More About the Author

JULIA BARRETT

Website: www.my-jane-austen.com

Reviews of all four [Kindle] eBooks sequels to Jane Austen's novels will be found at this website. Just click on each cover item.

A BRIEF BIOGRAPHY

Julia Barrett is the author of four continuations to the great novels of Jane Austen, as well as a completion of her final work. As a novelist, she has addressed herself to picking up Austen's wonderful creations -- people so lively and so vivid for us all -- to see if she could extend our encounters with them, increase our pleasures in them -- while yet keeping within the author's own themes, speaking in her language, and remaining true to her remarkable wit.

Her first was PRESUMPTION: AN ENTERTAINMENT, a sequel to Jane Austen's PRIDE AND PREJUDICE (undertaken with English novelist, Gabrielle Donnelly, who for that book only joined with the pseudonymous JULIA BARRETT).

This work was called by THE LONDON TELEGRAPH "the next best thing to discovering a hitherto lost novel by Jane Austen"; and THE NEW YORK TIMES wrote of it: " ... energetically and often delightfully handled, evoking the spirit of PRIDE & PREJUDICE." BRITISH HERITAGE said it was "a glittering gem" of which he title alone gave fair warning of (Barrett's) approach: respect, common sense, and both altogether a strong dose of humor."

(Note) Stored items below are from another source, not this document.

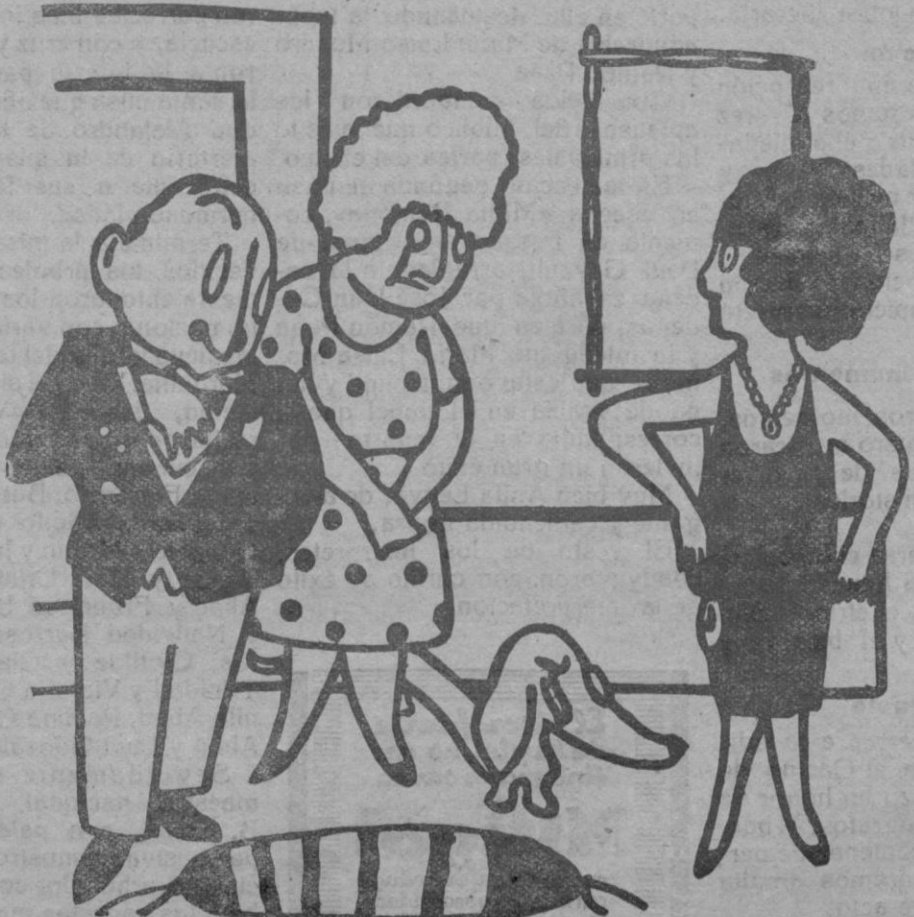
El padre.—No es que me oponga a tu casamiento, pero comprenderás hija mía, que casarte con un maestro, no es precisamente un gran porvenir. La niña.—Pero papá, es que es un maestro del charlestón.

Nada más consolador que contemplar las notas que se nos envían de los pueblos castellanos sobre la celebración de la «fiesta del Arbol».
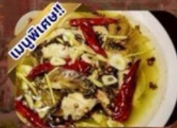
ปลาต้มพริกทอด
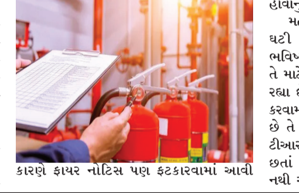
કારણે ફાયર નોટિસ પણ ફટકારવામાં આવી હોવાનું જાણવા મળ્યું છે.

દિવસે આગની ઘટના ઘટી તે બાદ રાજકોટ મહાનગરપાલિકાના વિભાગ દ્વારા સમગ્ર શહેરમાં ફાયર સેક્ટી ની ચકાસણી કરવા માટે ખાસ ઝુંબેશ ચાલુ કરવામાં આવી છે જેમાં ફાયર સર્વિસીસના સ્ટાફને સ્થળ તપાસ માટે મોકલવામાં આવી રહ્યા છે ત્યારે મળતી માહિતી મુજબ ૧૭ માર્ચથી લઈ ૧૮ માર્ચ દરમિયાન શહેરના વિવિધ વોર્ડ વિસ્તારોમાં ફાયર એનઓસી બાબતે કુલ ૧૮૦ જેટલા એકમોની ચકાસણી કરવામાં આવી હતી અને જેમાંથી ૧૪૪ સંકુલોને અપૂરતી ફાયર વ્યવસ્થા તથા ફાયર સાધનોનો અભાવ હોવાના
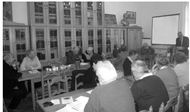
Az OMBKE Mikoviny-tanácsterme az Október 6. utcai MVAE székházban

Egyesületünk az öt megillető helyiségeket használta a MTESZ Konferencia Központban a Fő u. 68. szám alatt. A MTESZ felszámolását követően 2009-től a MVAE Október 6. utcai székházában bérlünk helyiségeket, ahol lehetőség van kisebb tanácskozások, előadások, nyugdíjas találkozók rendezésére is.
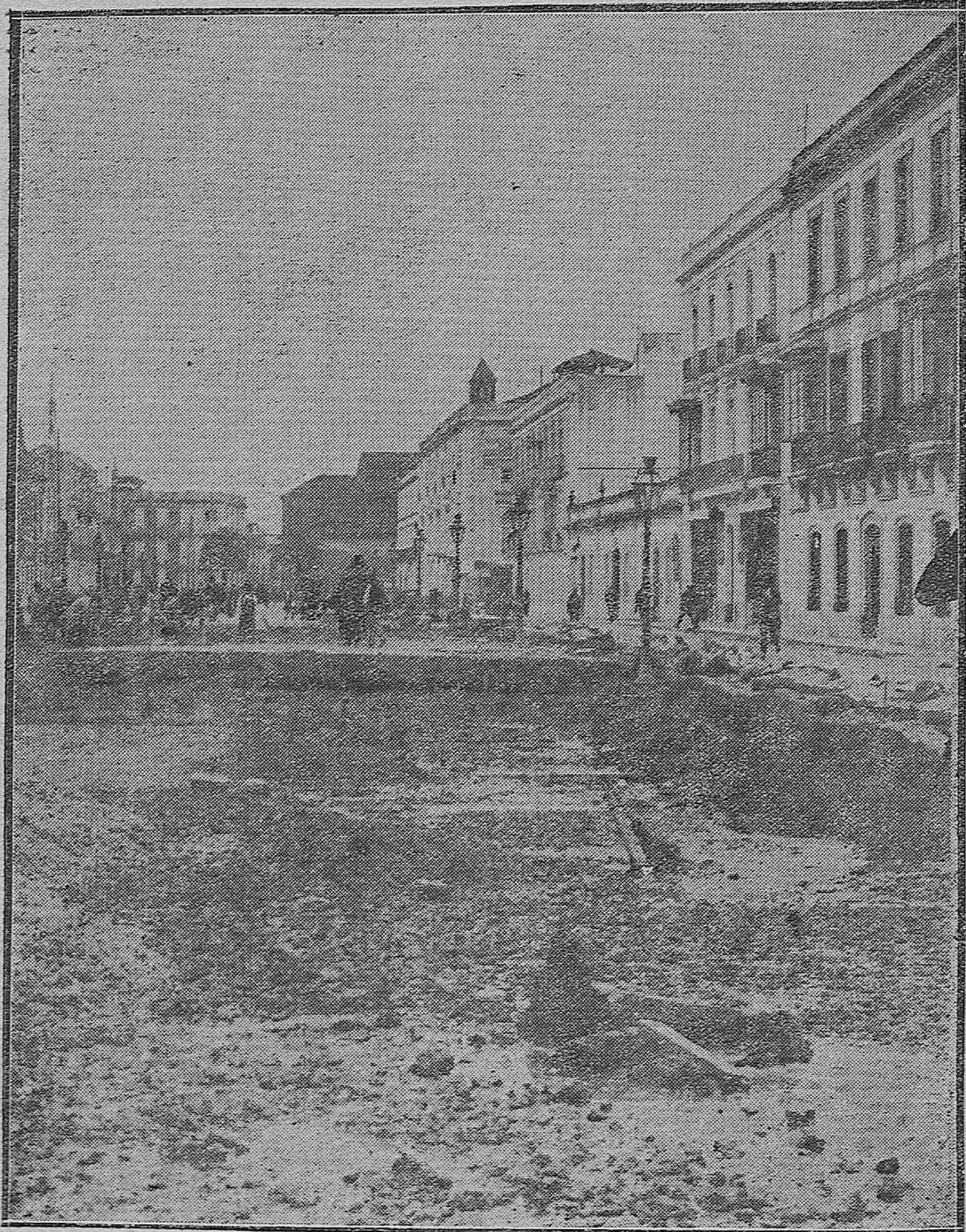
LAS REFORMAS DE CORDOBA.—Actual aspecto que ofrece el paseo del Gran Capitán, en el que con gran actividad se realizan las obras para convertirlo en moderno boulevard.
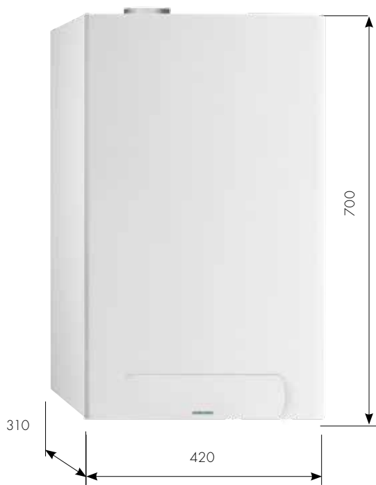
mod. BWA 24-35
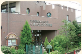
くずは光の子保育園
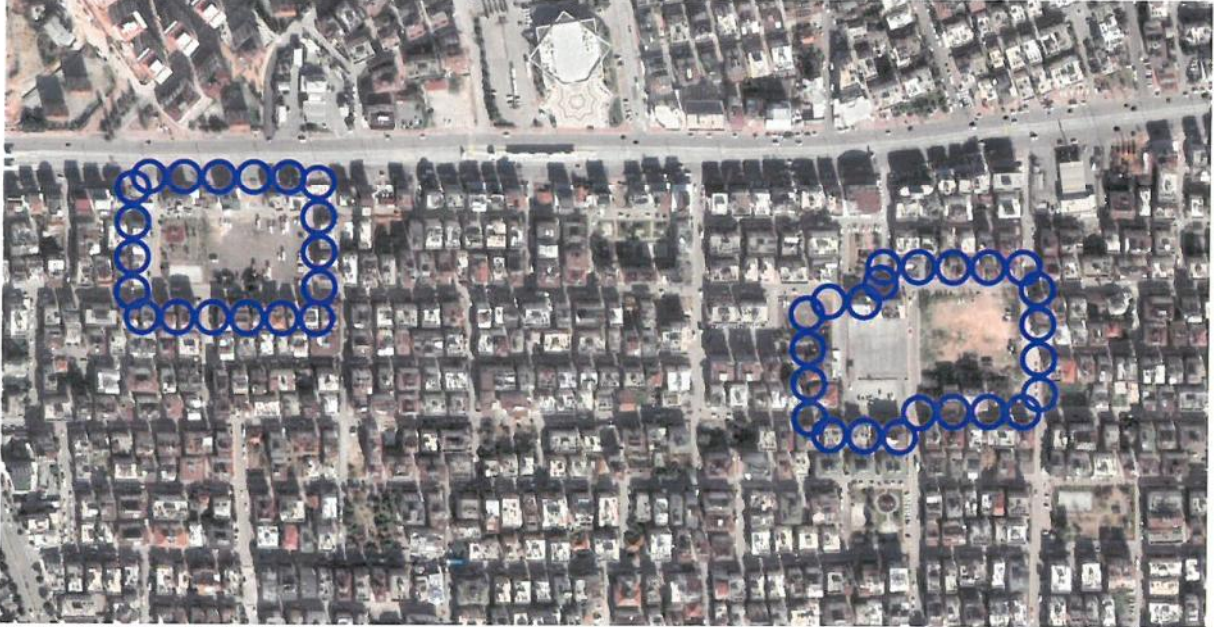
Resim 1: Uydu Görüntüsü

Plan revizyonu; Antalya İli, Kepez İlçesi, Karşıyaka Mahallesi, 21-K nolu 1/5000 ölçekli nazım imar planı paftasında, 5371 adadaki ilkokul ve çocuk bahçesi alanı, 5401 ada 3 nolu parseldeki Pazar alanı ile güneyindeki otopark alanı ve 5397 ada 6 nolu parseldeki oyun alanını kapsamaktadır (Bkz: Resim 1, 2 ve 3).
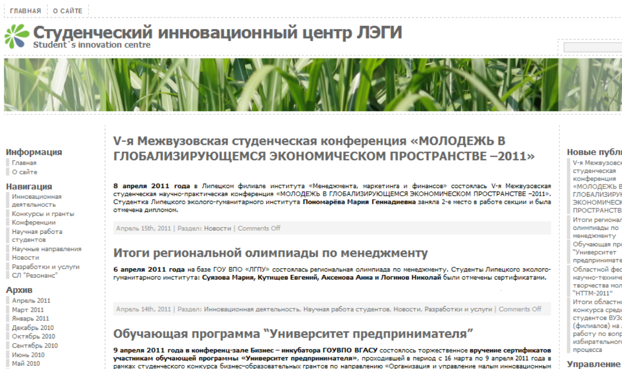
Рисунок 8. Вид страницы «О сайте» официального сайта СИЦ ЛЭГИ

В ЛЭГИ также зарегистрирован и функционирует официальный сайт студенческого инновационного центра http://www.sic48.net , на котором размещена информация о научно-исследовательской работе студентов ЛЭГИ в рамках инновационного центра, дана оперативная информация о проводимых мероприятиях, показаны студенты-победители различных конкурсов, олимпиад и др. (рисунок 8).

Her next continuation was a continuation of Austen's SENSE AND SENSIBILITY, this time as JULIA BARRETT, completely on her own.
The work was entitled THE THIRD SISTER. Of it, THE NEW YORK TIMES said, "... a good story, tight writing and a heroine with brains and charm. BRITISH HERITAGE MAGAZINE declared, "Both Barrett and Austen excel at what should be the primary goal of novelists, yet one that so few authors seem to be able to achieve: capturing our imaginations, holding us spellbound, and -- even after the story's resolution -- leaving us wanting to know more."

Still another triumph followed for Barrett when she elected to answer one of those unresolved fictional questions left by Jane Austen's short writing career: Where might she have gone next as a novelist?

This novel was entitled JANE AUSTEN'S CHARLOTTE: HER FRAGMENT OF A LAST NOVEL, COMPLETED. That truncated manuscript left by the author at her too-early death as a mere seventy-odd notebook sheets is taken up in mid-sentence by Barrett and carried through to its surprising and bold conclusion.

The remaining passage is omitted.